🤖 AI Summary
This work addresses the distributed multi-objective scheduling of LLM inference tasks across heterogeneous edge data centers under spatiotemporal dynamics—including volatile local renewable generation, time-varying electricity pricing, and water resource constraints. We propose the first holistic optimization framework jointly minimizing energy consumption, carbon emissions, water usage, and user-perceived latency. Our approach uniquely integrates the environmental triad (electricity–carbon–water) into a unified model, explicitly capturing spatiotemporal correlations of renewables, hardware heterogeneity across data centers, and strict QoS requirements (e.g., latency SLAs). Formulated as a mixed-integer nonlinear program (MINLP), the problem is solved via a tailored decomposition-based algorithm. Experiments on real-world traces demonstrate that our method reduces operational cost by 19.7%, carbon emissions by 23.4%, and water consumption by 16.2% on average over baselines, while satisfying low-latency SLAs for over 98.5% of requests—significantly advancing system-level sustainability and practicality of green AI inference.
📝 Abstract
This letter investigates the optimal allocation of large language model (LLM) inference workloads across heterogeneous edge data centers (DCs) over time.
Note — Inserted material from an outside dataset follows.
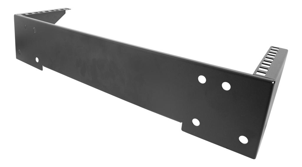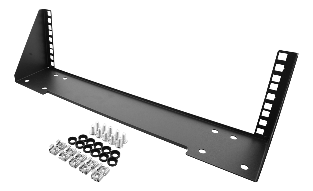 Vertikalt väggfäste med en höjd av 3U för att kunna installera switchar, patchpaneler eller andra 19"-enheter på väggen. Går även bra att använda under ett bord som illustreras i bilderna.

Each DC features on-site renewable generation and faces dynamic electricity prices and spatiotemporal variability in renewable availability. The central question is: how can inference workloads be optimally distributed to the DCs to minimize energy consumption, carbon emissions, and water usage while enhancing user experience? This letter proposes a novel optimization model for LLM service providers to reduce operational costs and environmental impacts. Numerical results validate the efficacy of the proposed approach.